§ Collection entries:
□ □ □
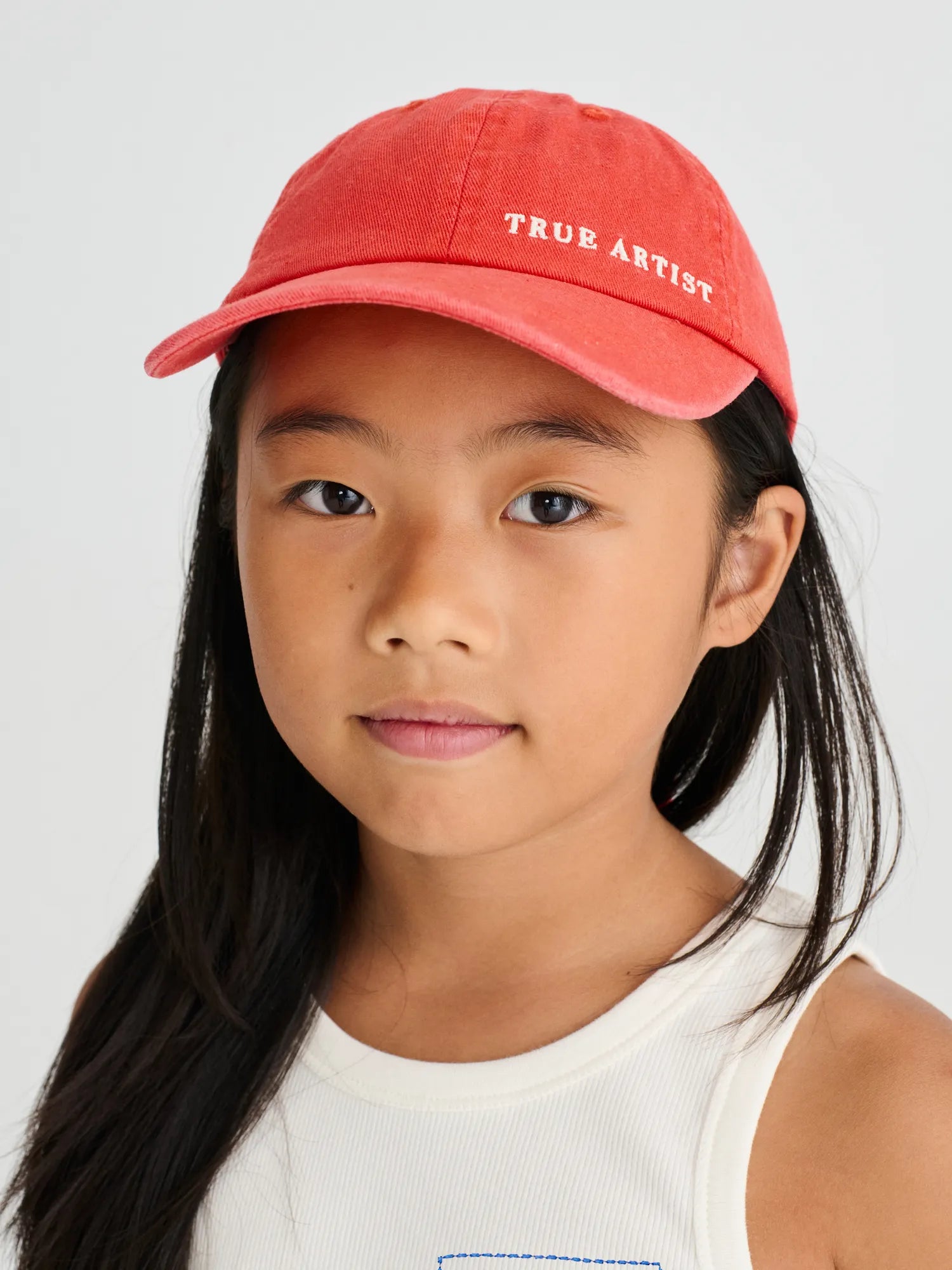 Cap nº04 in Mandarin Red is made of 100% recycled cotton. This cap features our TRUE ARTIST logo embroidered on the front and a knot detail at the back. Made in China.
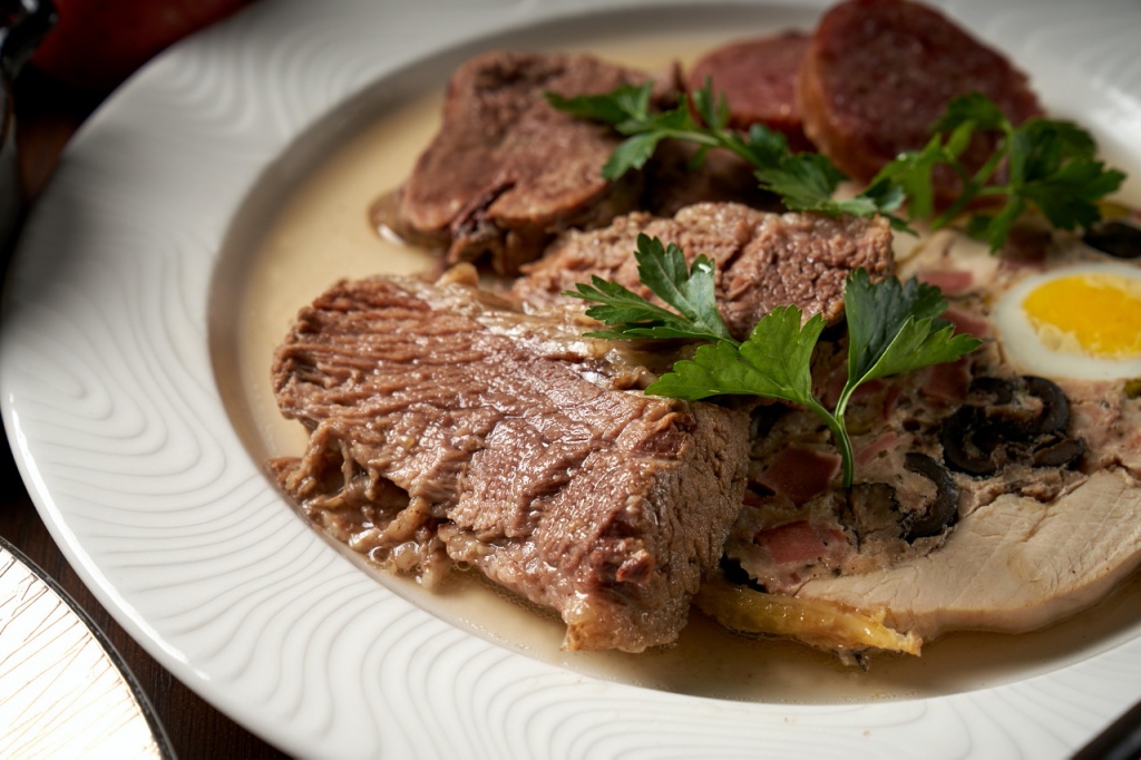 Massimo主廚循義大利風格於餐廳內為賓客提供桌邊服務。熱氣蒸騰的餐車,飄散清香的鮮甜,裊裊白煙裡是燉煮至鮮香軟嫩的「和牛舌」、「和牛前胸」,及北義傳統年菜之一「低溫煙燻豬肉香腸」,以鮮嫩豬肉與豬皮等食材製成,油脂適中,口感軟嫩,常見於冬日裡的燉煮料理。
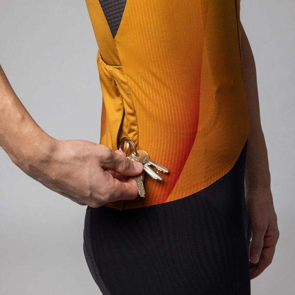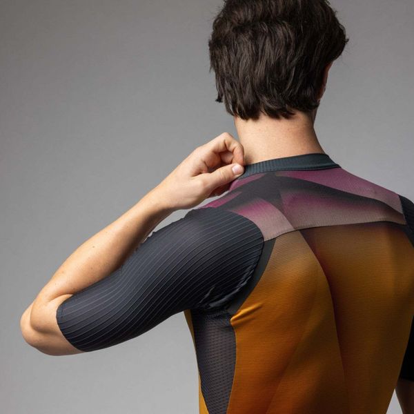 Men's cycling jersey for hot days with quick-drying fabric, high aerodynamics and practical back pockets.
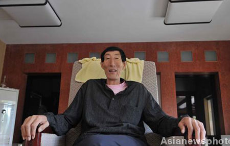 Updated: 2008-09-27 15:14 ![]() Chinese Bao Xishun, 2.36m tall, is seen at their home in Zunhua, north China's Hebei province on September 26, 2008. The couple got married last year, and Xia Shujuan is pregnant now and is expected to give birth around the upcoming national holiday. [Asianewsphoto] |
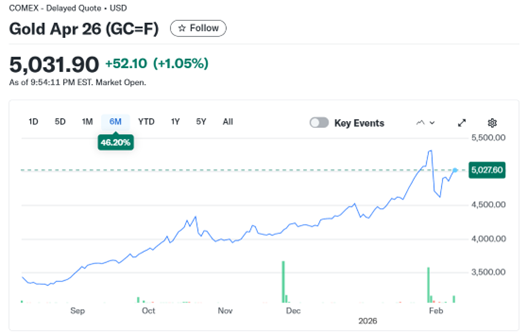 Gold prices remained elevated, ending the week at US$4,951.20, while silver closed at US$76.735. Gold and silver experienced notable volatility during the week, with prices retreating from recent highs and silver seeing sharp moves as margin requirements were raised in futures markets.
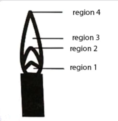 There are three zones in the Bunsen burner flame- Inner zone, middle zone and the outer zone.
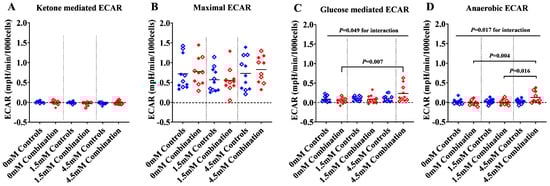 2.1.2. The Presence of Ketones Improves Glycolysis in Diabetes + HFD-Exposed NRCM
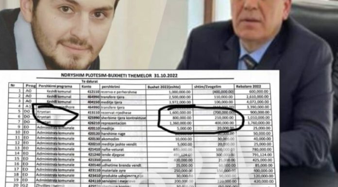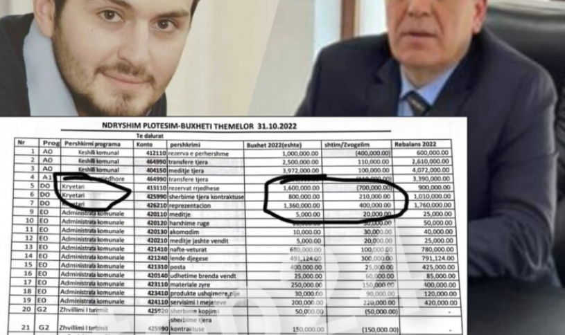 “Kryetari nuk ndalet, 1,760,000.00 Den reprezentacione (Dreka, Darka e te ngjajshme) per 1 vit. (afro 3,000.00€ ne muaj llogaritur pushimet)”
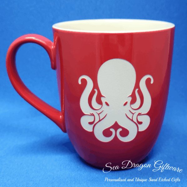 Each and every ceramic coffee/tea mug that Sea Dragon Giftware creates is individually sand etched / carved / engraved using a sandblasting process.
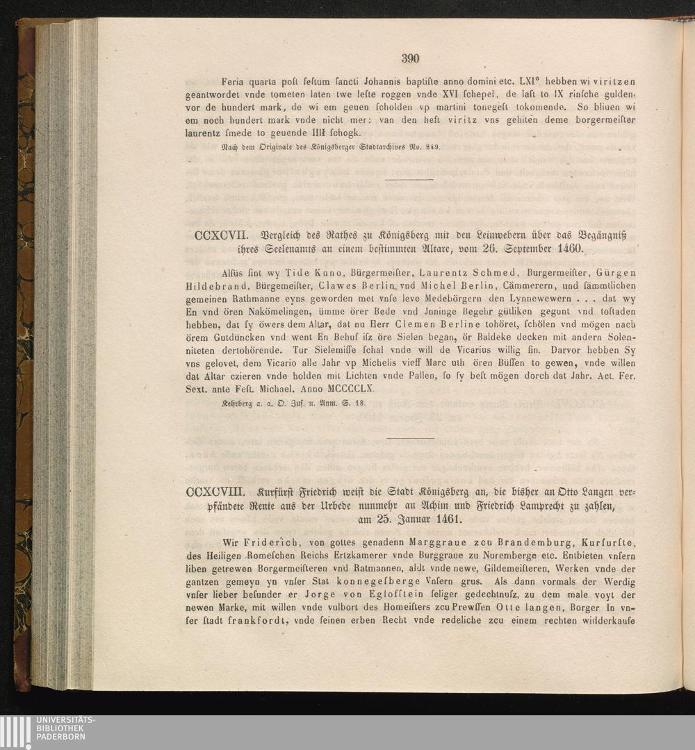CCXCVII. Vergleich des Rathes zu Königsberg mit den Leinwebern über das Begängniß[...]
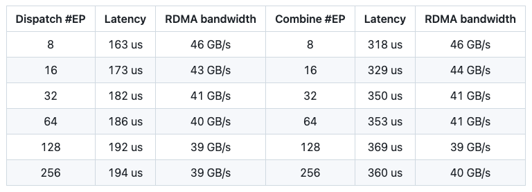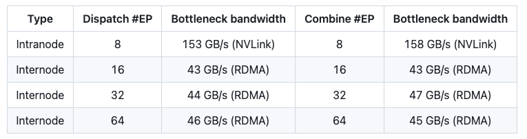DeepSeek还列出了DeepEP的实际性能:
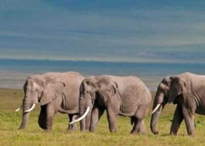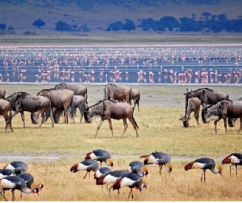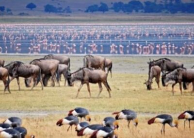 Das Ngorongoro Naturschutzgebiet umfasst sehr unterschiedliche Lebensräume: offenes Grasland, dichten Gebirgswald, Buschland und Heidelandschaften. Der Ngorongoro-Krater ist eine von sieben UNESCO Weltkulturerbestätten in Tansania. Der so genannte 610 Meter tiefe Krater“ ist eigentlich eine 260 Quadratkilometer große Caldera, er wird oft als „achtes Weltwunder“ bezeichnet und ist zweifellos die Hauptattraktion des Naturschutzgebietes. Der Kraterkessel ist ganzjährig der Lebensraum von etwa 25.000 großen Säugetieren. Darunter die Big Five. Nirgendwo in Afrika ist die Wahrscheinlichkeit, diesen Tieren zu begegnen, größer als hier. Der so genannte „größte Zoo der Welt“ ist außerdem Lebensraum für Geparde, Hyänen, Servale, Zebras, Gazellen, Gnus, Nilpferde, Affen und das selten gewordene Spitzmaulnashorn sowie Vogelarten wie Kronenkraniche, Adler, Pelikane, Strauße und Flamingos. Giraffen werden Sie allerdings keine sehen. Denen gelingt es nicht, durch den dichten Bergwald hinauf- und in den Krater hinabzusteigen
□ □ □
Print nothing but the lines above starting with the line that contains "Updated: 2008-09-27 15:14" and going on through the line that contains "nuk ndalet, 1,760,000.00". Leave out the pictures.

 Updated: 2008-09-27 15:14 ![]() Chinese Bao Xishun, 2.36m tall, is seen at their home in Zunhua, north China's Hebei province on September 26, 2008. The couple got married last year, and Xia Shujuan is pregnant now and is expected to give birth around the upcoming national holiday. [Asianewsphoto] |
 Gold prices remained elevated, ending the week at US$4,951.20, while silver closed at US$76.735. Gold and silver experienced notable volatility during the week, with prices retreating from recent highs and silver seeing sharp moves as margin requirements were raised in futures markets.
 There are three zones in the Bunsen burner flame- Inner zone, middle zone and the outer zone.
 2.1.2. The Presence of Ketones Improves Glycolysis in Diabetes + HFD-Exposed NRCM
 “Kryetari nuk ndalet, 1,760,000.00 Den reprezentacione (Dreka, Darka e te ngjajshme) per 1 vit. (afro 3,000.00€ ne muaj llogaritur pushimet)”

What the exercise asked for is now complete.